As time went by and the Society of Jesus grew, Ignatius needed to send missionaries to the Far East.  Francis volunteered when the original Jesuit fell ill and the two men had to make a huge sacrifice.  Later Ignatius would tell his best friend, "Go, set the world on fire!" After Xavier left for "the missions" the two would never see each other again. “I believe that in this life we cannot see each other anymore except by letters,” Francis writes Ignatius in one of his first letters. “To see each other face to face with many embracing—that will be for the other life.”  

Many letters were exchanged between the two friends but unfortunately Francis became gravely ill and died before Ignatius could call him back to Rome. In one of his final letters to Ignatius, and his fellow Jesuit brothers, he wrote: "So that I may never forget you and ever have a special remembrance of you, I would have you know, dear brothers, for my own consolation, I have cut your names from the letters which you have written to me with your own hands so that I may constantly carry them with me together with the valid profession which I made....I give thanks first of all to God our Lord, and then to you, most dear brothers and fathers, for the fact that God has so made you that I derive such great consolation from bearing your names. And since we shall soon see each other in the next life with greater peace than we have in this, I say no more." 

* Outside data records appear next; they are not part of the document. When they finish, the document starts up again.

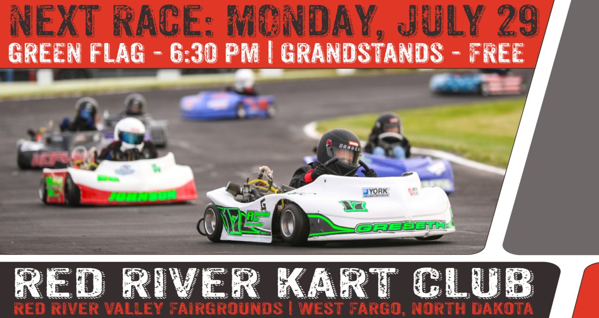 Sponsored by:   Monday, July 15 • Heats 1 & 2 Monday, July 22 • Heat 3 and Feature Race • Meet & Greet during Intermission Times: Gates Open: 5:30 pm Driver Draw Cutoff: 6:15 pm Race: 6:30 pm Prices: Grandstands & Tailgate Sections = FREE Driver + Kart = $25 Pit Members = $15 […]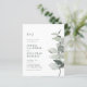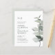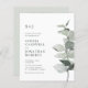 Budget All in One with QR Code Elegant Watercolor Eucalyptus Wedding Invitation... Our UPDATED affordable double-sided botanical wedding invitation features an elegant watercolor eucalyptus branch in rustic sage and dusty green shades setting off the invitation text beside it. The light sage green back of the invitation contains all of the details you would typically see on separate cards within the wedding packet. This modern style all-in-one wedding invitation was designed to be both elegant and budget conscious... not to mention time-saving. Included on the back is a QR code graphic template you can REPLACE instantly with YOUR OWN CODE by entering your wedding website URL right on the personalization template. All example text can be easily revised with your own information on the same template. PLEASE NOTE: "Budget" card paper is not quite the same as the traditional flat card invitations. Our budget cards are 4.5 x 5.6 inches made of semi-gloss 110 lb paper compared to traditional wedding invitation flat cards at 5 x 7 inches in matte paper at 120 lb weight. Also, the budget cards do not automatically come with envelopes, as do the traditional invitation cards, but you can purchase them on the same page at checkout if you wish. This eucalyptus design is also available on a traditional 5x7 wedding invitation card as well as many other matching products.
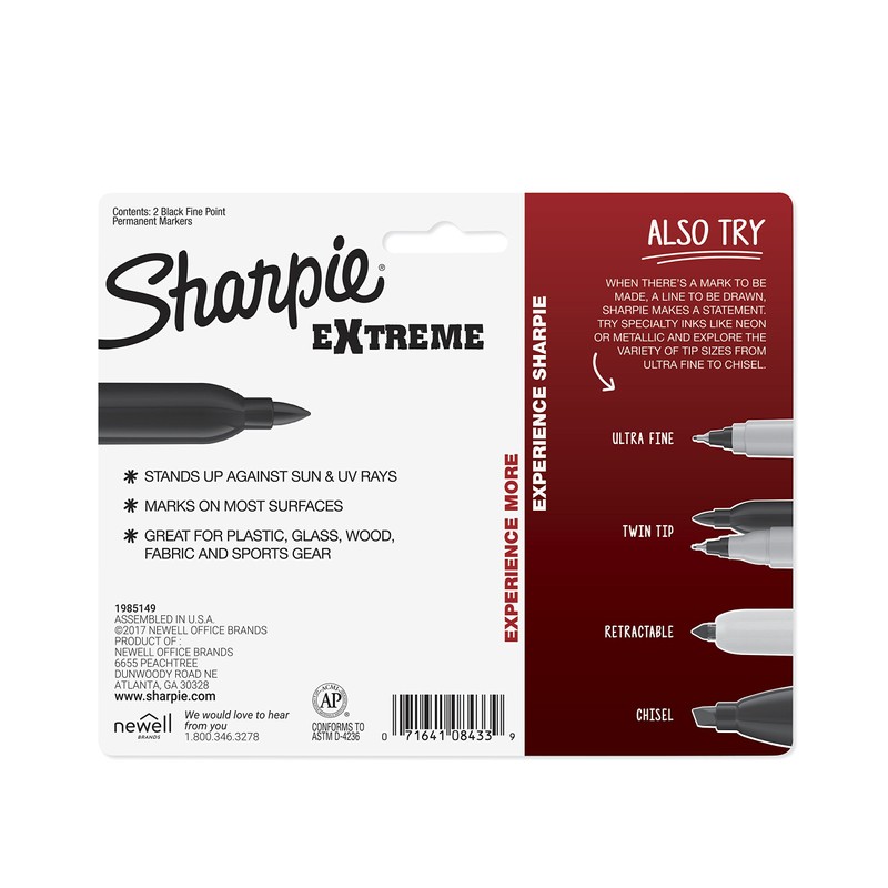 SHARPIE Extreme Permanent Markers, Fine Point, Black, 6 Packs of 2 (12 Markers)

 Around his neck and close to his heart, Francis wore the signatures of his dear friends. “Let us ask God for the grace of seeing each other joined together in the next life,” Francis had once written Ignatius. “Whoever will be the first to go to the other life and does not there find his brother, whom he loves in the Lord, must ask Christ our Lord to unite us all there in his glory.”

In 1622, Francis and Ignatius were both declared saints. Bound together for eternity in mutual love for the God who brought them together, Francis and Ignatius are a powerful witness to the inexhaustible and transforming possibilities of friendship in the Lord.  An amazing testament to God’s love for us that He provides us companions for our Earthly journey.  

Upon reflecting on this great Saint, I couldn’t help but think of a dear friend of mine.  Tragically she was killed in a helicopter crash last July.  We were very close for a time but God called us to different paths.  She became a flight paramedic in New Mexico and I entered religious life with the Carmelite Sisters for the Aged and Infirm.  We both had a zeal for being servants to others and caring for those in need.  For a time our paths were in sync and we traveled together with great joy.  But as we grew to follow our hearts we had to say our goodbyes and blaze new trails.  Like Francis and Ignatius, we never dreamed that we would not see each other again.  Friends may come and go in our lives but they will always leave a mark on our hearts.  It is God’s way of showing us how much He loves us.